Task statement ▸ Copy every line of the records exactly, without including the images.

------ Provided records

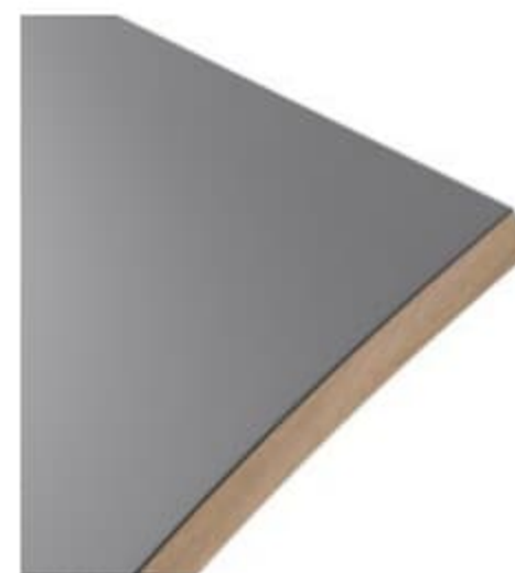
Grigio Shadow FENIX NTM®
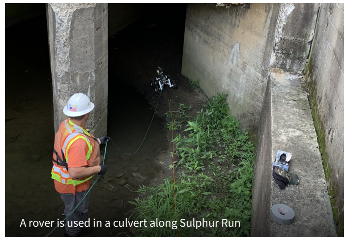
A rover is used in a culvert along Sulphur Run

Cleaning of the small blue storage tanks is ongoing at Tank Farm 5. Solid residues and cleaning water waste are collected during this process for off-site disposal.
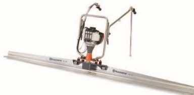
PETROL-POWERED HUSQVARNA BV 30 1kW, centrifugal clutch, 14kg.
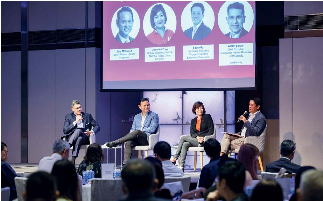
The Committee members at the dialogue on Workplace Fairness held on 23 March 2023.
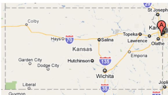
Overland Park KS
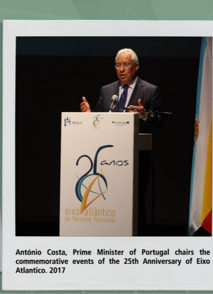
António Costa, Prime Minister of Portugal chairs the commemorative events of the 25th Anniversary of Eixo Atlântico. 2017

------------

Task result ▸
Grigio Shadow FENIX NTM®
A rover is used in a culvert along Sulphur Run

Cleaning of the small blue storage tanks is ongoing at Tank Farm 5. Solid residues and cleaning water waste are collected during this process for off-site disposal.
PETROL-POWERED HUSQVARNA BV 30 1kW, centrifugal clutch, 14kg.
The Committee members at the dialogue on Workplace Fairness held on 23 March 2023.
Overland Park KS
António Costa, Prime Minister of Portugal chairs the commemorative events of the 25th Anniversary of Eixo Atlântico. 2017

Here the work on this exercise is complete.